Norman Briski está en una de sus mejores tardes. La sonrisa se le dibuja porque acaba de comprar una caña de pescar en Paraguay, a través de internet. «En Buenos Aires, por la misma caña, me pedían 14 lucas. Y acá la pagué la mitad. Con esta me retiro», dice el actor de 80 años, que recibirá por encomienda esa caña en Mar del Plata y, según él, se embarcará por última vez para pescar en mar abierto.
La pesca es la herencia más importante que le dejó su padre, Felipe Briskin, un judío polaco afiliado al Partido Comunista que lo llevaba a tirar la caña a las islas que bordean Santa Fe, su ciudad natal. En ese entonces, el instrumental con el que contaba el pequeño Naum Normando era casero, con un alfiler doblado que hacía de anzuelo y servía para sacar mojarritas y palometas.
«Sería el año 43, más o menos. La playa se llamaba Guadalupe y nos tomábamos el tranvía para llegar. Era un lindo plan de mi infancia», recuerda el actor. «Mi papá nos hacía la cañita y nos llevaba a mí y a mi hermano mayor, que después agarró para otro lado, se hizo basquetbolista y formó parte del seleccionado argentino. En cambio, yo era nadador. Era del Paraná, el río que viví desde que nací. Y ese sigue siendo mi lugar».
En su juventud, la familia se mudó a Córdoba. Y mientras crecía e iba de campamento a las sierras, comenzó a interesarse por la actuación. En 1955 debutó con la obra La farsa del señor Corregidor, en un teatro cordobés. Con 20 años se mudó a Buenos Aires y frecuentó el Instituto Di Tella, el lugar que reunía la cultura, el arte y la bohemia. Los sucesivos papeles y el éxito de La fiaca, que protagonizó junto con Norma Aleandro en 1969, le dieron un nombre en la escena porteña.
A la par llegó su militancia política a través de la fundación del Grupo Octubre, una de las experiencias de teatro popular más importante de Latinoamérica. Su trabajo con Brazo Largo, un grupo con el que hacía obras en villas miseria y fábricas recuperadas, lo vincularon con los más humildes. Ese compromiso lo incluyó en la «lista negra» de la Triple A y tuvo que exiliarse del país. Anduvo rodando hasta que recaló en Nueva York y allí pasó casi una década, haciendo cine, teatro y docencia en el Harlem latino.

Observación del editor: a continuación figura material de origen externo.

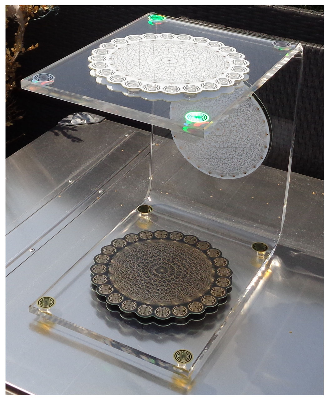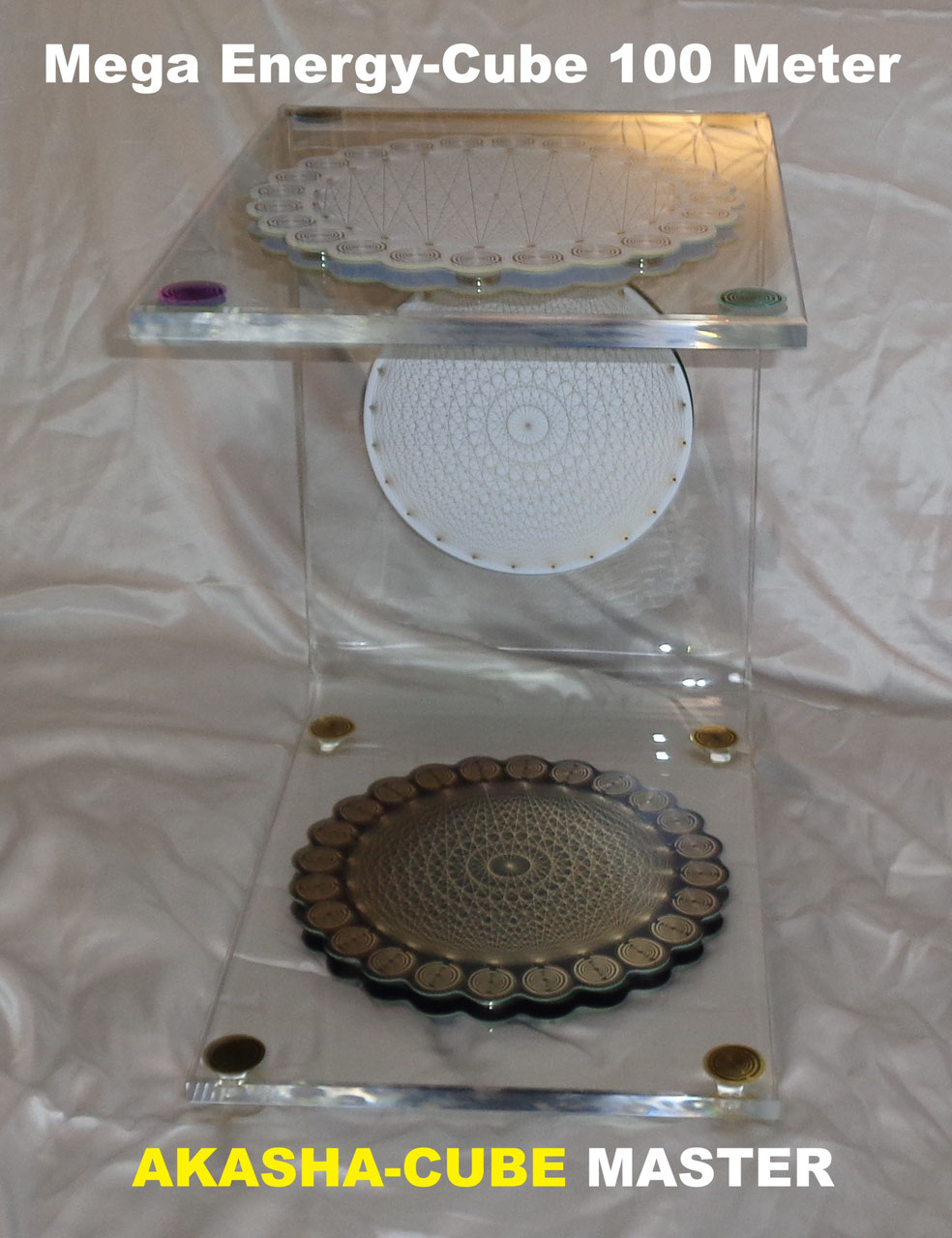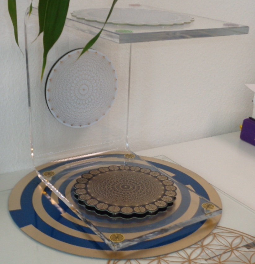 Akrylglas, Breite 270 mm x Höhe 400 mm x Tiefe 400 mm ca. 12 Liter Ladevolumen: Scheiben: 2 x Matrix-MWO-Disc weiß/Gold 200 mm mit geometrischen Symbolen // 2 x Matrix-Tesserakt Scheibe weiß 240 mm // 2 x Matrix-Tesserakt Scheibe schwarz 240 mm und 8 x Quanten-Hologramm-Chips // insgesamt 40 spezielle Magneten- und speziellen Lichtquanten-Resonanz-Chips sowie einer eingebauten Hologramm-Technik.

El regreso no fue con gloria. Argentina no era la misma luego de la dictadura, pero había mucho para hacer y para decir con su única arma: la actuación. Así nació la «trinchera» a la que bautizó Calibán, donde desde hace 34 años Norman Briski da clases y sube a escena obras con alumnos salidos de sus talleres.
–¿Qué marcas le dejaron los años de exilio?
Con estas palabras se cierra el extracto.